Duke Eberhard Louis (18 September 1676 – 31 October 1733) was the Duke of Württemberg, from 1692 until 1733.

Biography

Eberhard Louis was born in Stuttgart the third child of Duke William Louis and his wife, Magdalena Sibylla of Hesse-Darmstadt. After the early and unexpected death of his father in 1677, the royal court decided to give guardianship to his uncle, Frederick Charles, Duke of Württemberg-Winnental.

In 1693, Magdalena Sibylla had the 16-year-old Eberhard Louis prematurely proclaimed Duke of Württemberg by Emperor Leopold I. The young duke showed no excessive interest in governmental affairs. Eberhard Louis was described by his contemporaries as superficial and easily influenced. Most importantly, his behavior led to the political fate of the land being greatly decided by his council. The duke preferred hunting and left the administration of his county in the hands his advisors. In 1697, he married Joanna Elisabeth of Baden-Durlach.

In 1707 he became the field marshal of the Swabian troops in the War of the Spanish Succession.

Shortly before 1700, he visited Louis XIV of France at the Palace of Versailles and planned to make Württemberg an absolutist state. He raised taxes, but financing still remained an obstacle. In 1704, he laid the foundation for his Ludwigsburg Palace. To save money, he allowed the workers to reside tax-free around the palace for 15 years. Later, the city of Ludwigsburg developed out of these residences.

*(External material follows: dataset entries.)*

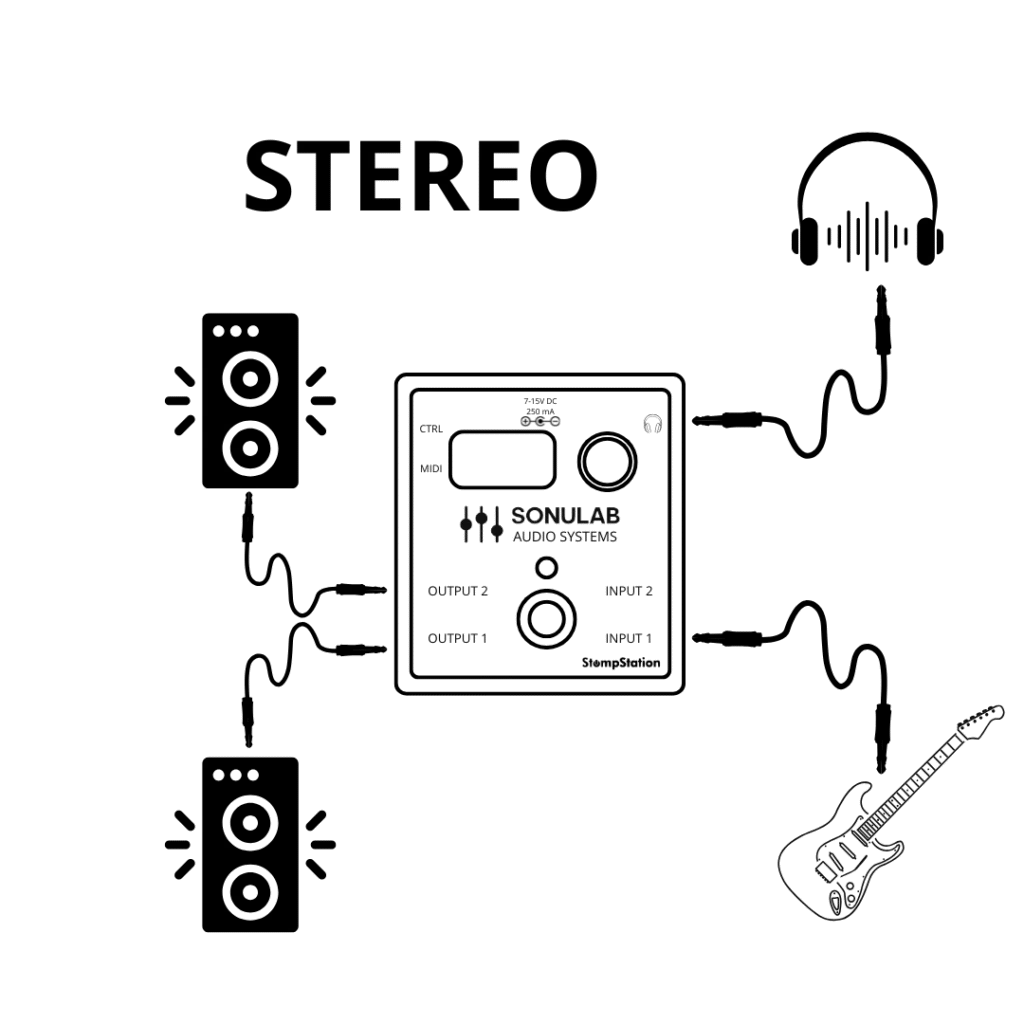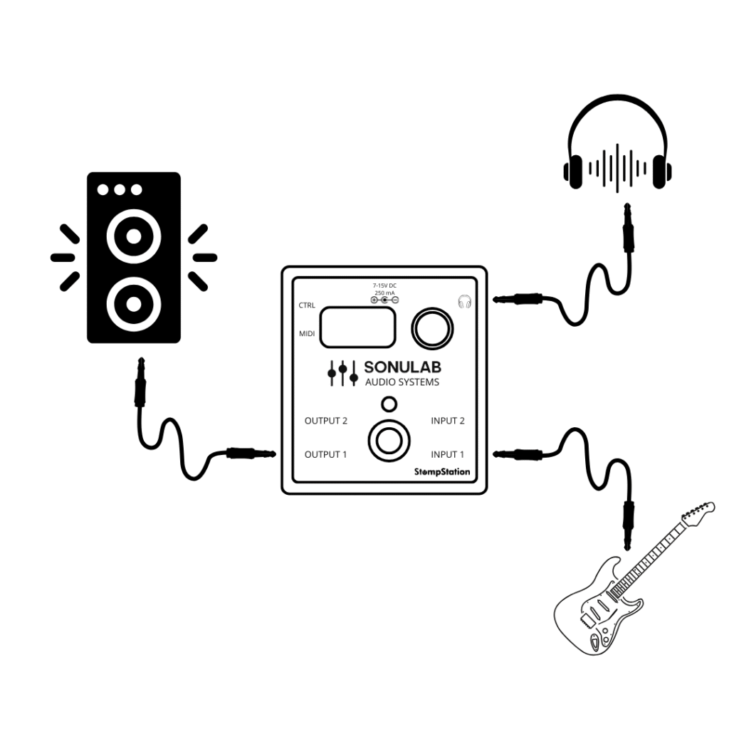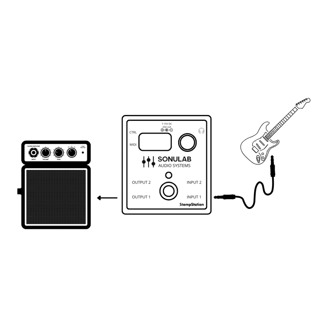 Control your StompStation with any MIDI controller. Use MIDI PC (Program Change) messages to instantly switch presets, and MIDI CC (Control Change) messages to turn individual effects on or off.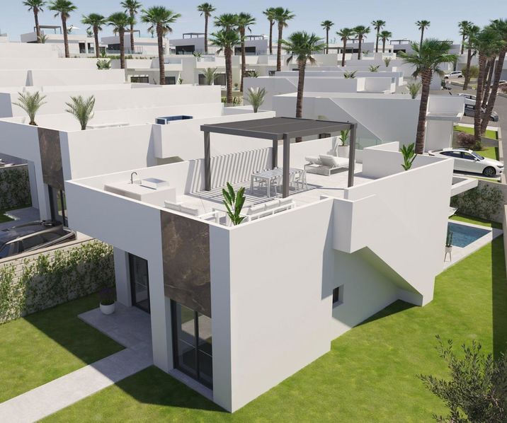 Nieuwe villa's in La Finca Golf course, Algorfa. De woningen worden gebouwd met een verdieping en bestaan uit 3 slaapkamers, 2 badkamers, open keuken, de woonkamer met open uitzicht op het terras, solarium, prive tuin met het zwembad en parkeerplaats.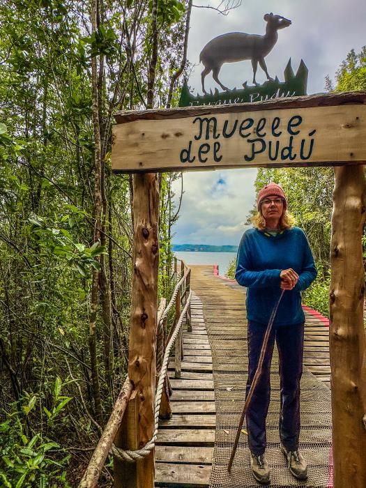 Die 6 stündige Überfahrt hätte Dank ruhiger See entspannt verlaufen können…für Kerstin war es wohl eine der schlimmsten Überfahrten.Scheinbar hat sie irgendetwas nicht vertragen …und sieht mächtig „grün“ aus. Gegen 23 Uhr haben wir Quellón erreicht. Unser Krankentransport (einer liegend, einer fahrend) hat die Fähre als erster verlassen. Die sehr kurze Nacht verbrachten wir auf einem freien Stellplatz in der Nähe einer Tankstelle und eines Krankenhauses. Den kommenden Tag fühlten wir uns beide total erschlagen. Daher sind wir nur ein paar Kilometer zu einem privaten Landschaftschutzgebiet gefahren. Ein ausgiebiger Mittagsschlaf brachte uns wieder auf Vordermann, so dass wir am Nachmittag den liebevoll angelegten Pudu Park besuchen konnten. Mit einer Schulterhöhe von 35 bis 38 cm, einer Kopf-Rumpf-Länge von 80 cm, einer Schwanzlänge von ca. 2 cm und einem Gewicht von 6 bis 8 kg zählt der Südpudu zu den kleinsten Vertretern aus der Familie der Hirsche. Leider haben wir die kleinen Hirsche nicht gesehen.Die Gastfreundschaft der Parkbesitzer hat uns entschädigt.Die Familie war so lieb und zuvorkommend.Sie gaben uns am nächsten Morgen ein selbstgebackenes Brot mit auf den Weg.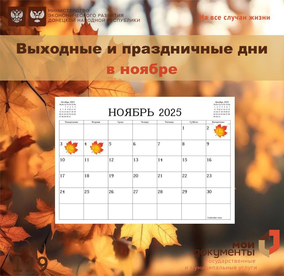 Уважаемые заявители! 💡В связи с празднованием Дня народного единства уведомляет об изменениях в графике работы отделений. ⏱1 ноября - для всех отделений рабочий день сокращен на 1 час 💡2, 3, 4 ноября — выходные праздничные дни для всех отделений 🕓С 05 ноября все отделения МФЦ работают согласно графикам работы отделений. 👌Ознакомиться с перечнем предоставляемых услуг вы можете на нашем официальном Портале МФЦ или по телефону Контакт-центра - 119. С уважением, МФЦ ❣️ Источник:https://t.me/mfc_dnr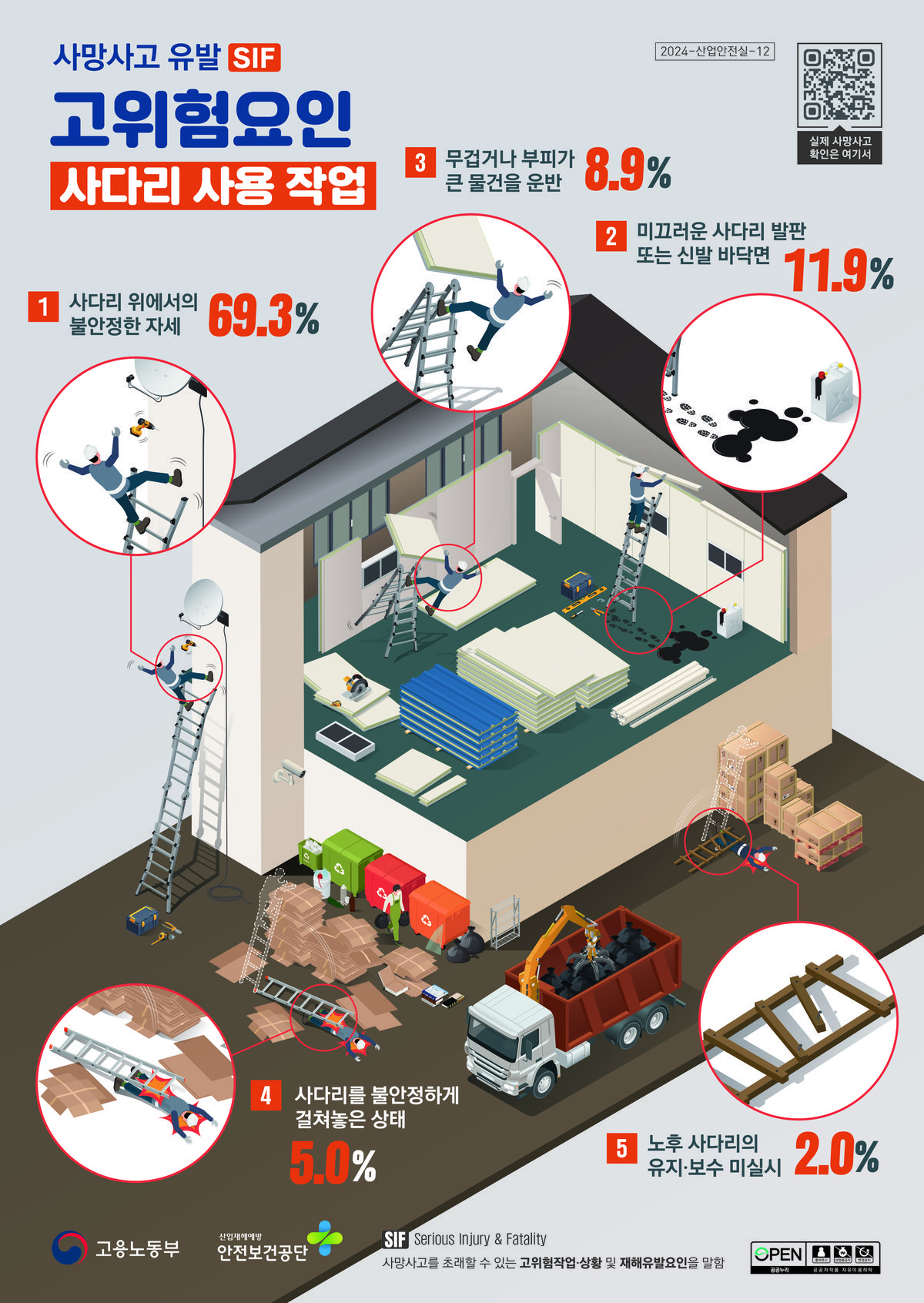 배부되는 포스터에 담긴 주요 안전수칙은 고소작업대 안전점검 내용 및 작성할 안전 서류 사다리의 미끄럼 넘어짐 방지조치 작업 전 보호장비 착용 등이다.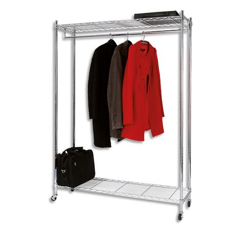 Fil en métal chromé, tubes Ø 30 mm. Grande capacité : jusqu'à 26 cintres ou 70 kg de vêtements. Galeries inférieure et supérieure. Grande mobilité grâce à ses 4 roues avec 2 freins. Dimensions (l x h x p) : 89 x 35 x 168 cm.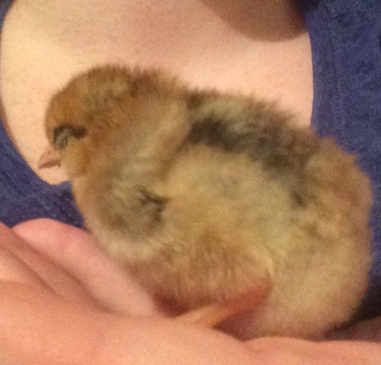 Our only hatch from our second attempt. A cream legbar x Plymouth partridge rock. I ended up buying 2 white leghorns and 2 barred rocks to keep it company.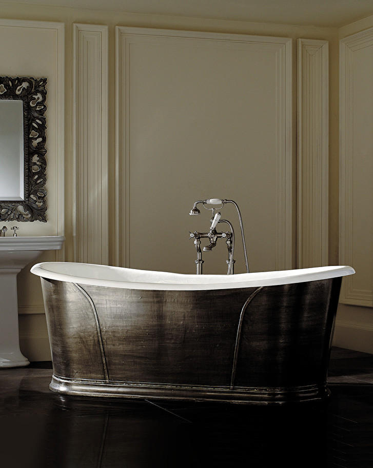 An impressive cast iron bathtub with a strong character and a clear taste. Its exclusive design is shaped by millenary suggestions that refer to medieval origins of the Anglo-Saxon style. It is covered with a thin coated lead foil.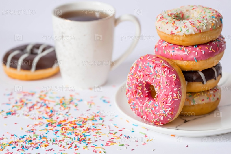 Вкусный десерт. Розовые, белые и шоколадные пончики с разноцветными брызгами, чашка черного кофе или чая. Сладости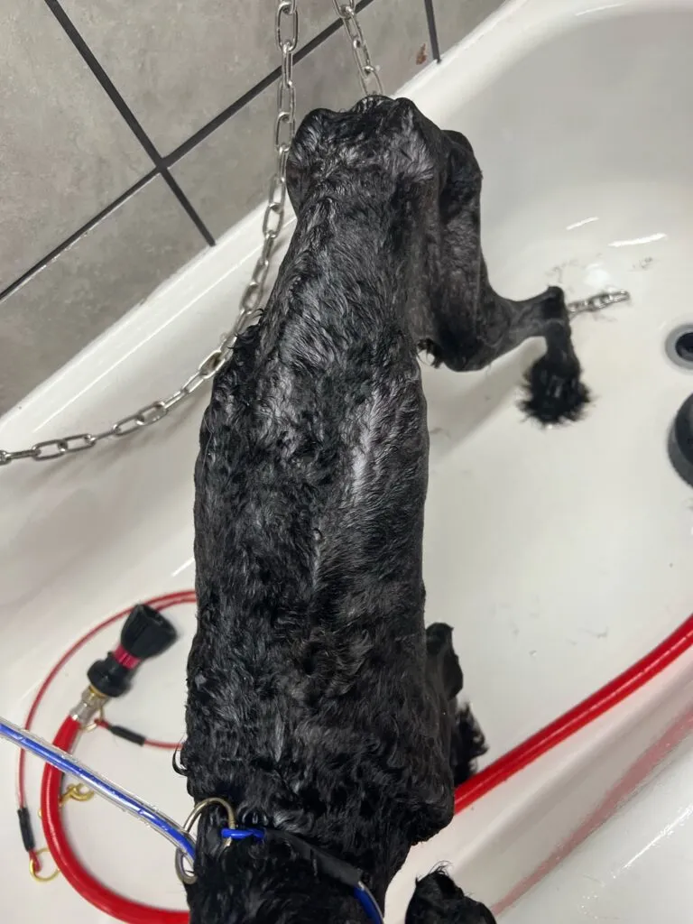 “When he arrived, his new owner mentioned that he did not move at all and I noticed his nose and up his snout was all black which was odd for a golden colored dog. As soon as I got him into the tub and starting running the water on him, the black on his snout started to move around I quickly realized he was infested with fleas. As I ran the water more along his back and body, the water that was running off was bloody and I could see hundreds and hundreds of fleas crawling all over him.”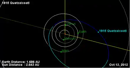 - Орбита астероида Кетцалькоатль и его положение в Солнечной системе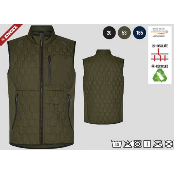 Material: 100% gestepptes Polyester (recycelt), 75 g/m2, leichte Steppweste, kombiniert mit Softshell,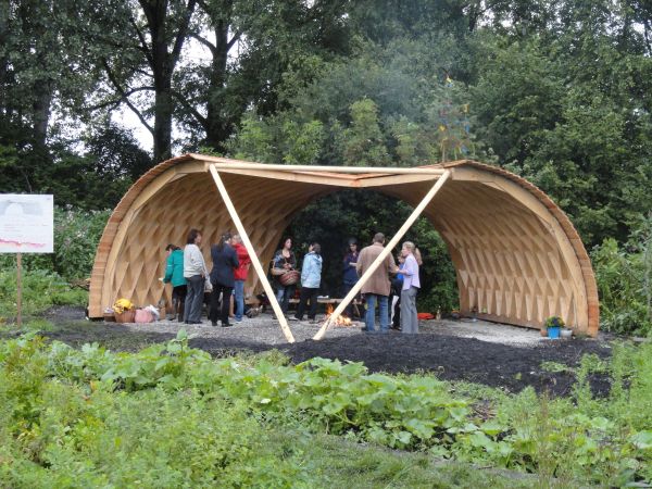 Feuerlaube in Lamellenkonstruktion im Rahmen der Bauepoche der Rudolf-Steiner-Schule Gröbenzell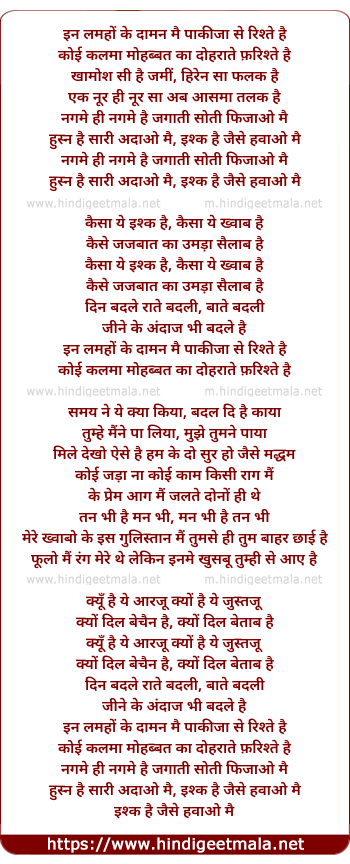 Lyrics of Inn Lamho Ke Daaman Mein - इन लम्हों के दामन में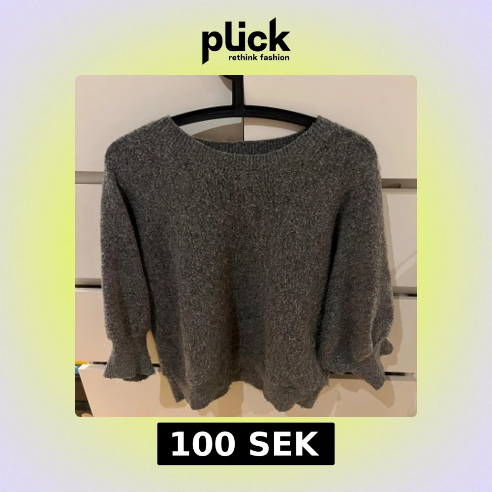 Mysig grå stickad tröja från Lindex med volangdetaljer vid ärmslut och nederkant. Perfekt för kyliga dagar. Den har trekvartsärmar! Passar mig som har S. Köpte den för 249kr säljer den för 100+frakt

As of 1711, Eberhard Louis spent ever more time in Ludwigsburg, usually in the company of his mistress, Wilhelmine von Grävenitz, whom he married in 1707. Because of pressure from the emperor, the marriage had to be quickly dissolved, and Grävenitz went into exile. Eberhard Louis followed her to Switzerland, where they stayed until 1710. The influential mistress was only allowed to return to the royal court once she had married another man, Graf von Würben. For over two decades, Grävenitz had a strong influence on the government of the land, and it was she who, together with Eberhard Ludwig, moved the royal residence and capital of the duchy from Stuttgart to the sparsely populated city of Ludwigsburg. Duchess Joanna Elisabeth of Baden-Durlach stayed in the royal palace in Stuttgart.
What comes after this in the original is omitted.